- Date: April 2019
- Venue: Shinbungeiza theater
- Country: Japan
- Hosted by: PG Magazine
- First award: 1989

= Pink Grand Prix =

Award ceremony for erotic cinema

The Pink Grand Prix (ピンク大賞, pinku taishō) or PG Film Prize (PG映画大賞, PG eiga taishō) is an annual Japanese film award ceremony which recognizes excellence in the pink film genre. Referred to by Miho Toda as the "Academy Awards of the Pink Film", the ceremony attracts a diverse audience of industry personnel, film scholars and the general public.

Pink film scholar Jasper Sharp calls it the high point of the year for the pink film community.

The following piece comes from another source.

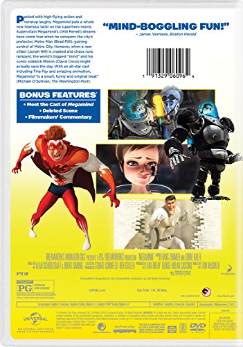 Packed with high-flying action and nonstop laughs, Megamind puts a whole new hilarious twist on the superhero movie. Super villain Megamind's (Will Ferrell) dreams have come true when he conquers the city's protector, Metro Man (Brad Pitt), gaining control of Metro City. However, when a new villain (Jonah Hill) is created and chaos runs rampant, the world's biggest "mind" and his comic sidekick Minion (David Cross) might actually save the day. With an all-star cast including Tina Fey and amazing animation, Megamind "is a smart, funny and original treat" (Michael O'Sullivan, The Washington Post). Bonus Content: Meet the Cast of Megamind Deleted Scenes Filmmakers' Commentary

PG, a magazine focusing on the genre, hosts the Pink Grand Prix in April of each year as a review of pink films released the previous year. The top ten films are selected by a readers' poll, and the top five films are screened during the evening of the ceremony held at the Kameari-za theater in Aoto, Tokyo until its closing in 1999, and at the Shinbungeiza theater thereafter.

== History ==
PG magazine was founded by Yoshiyuki Hayashida in July 1994. The magazine was preceded by the limited-circulation New Zoom-up, which Hayashida started in 1989, and which held the first Pink Grand Prix awards beginning that year, covering films released in 1988.

Among actresses who have won the award multiple times are Yumika Hayashi, recipient of the Best Actress award in 2004 and the Special Career Award the following year. After her death on June 28, 2005, she was awarded a second Special Career Award at the 2006 Pink Grand Prix ceremony.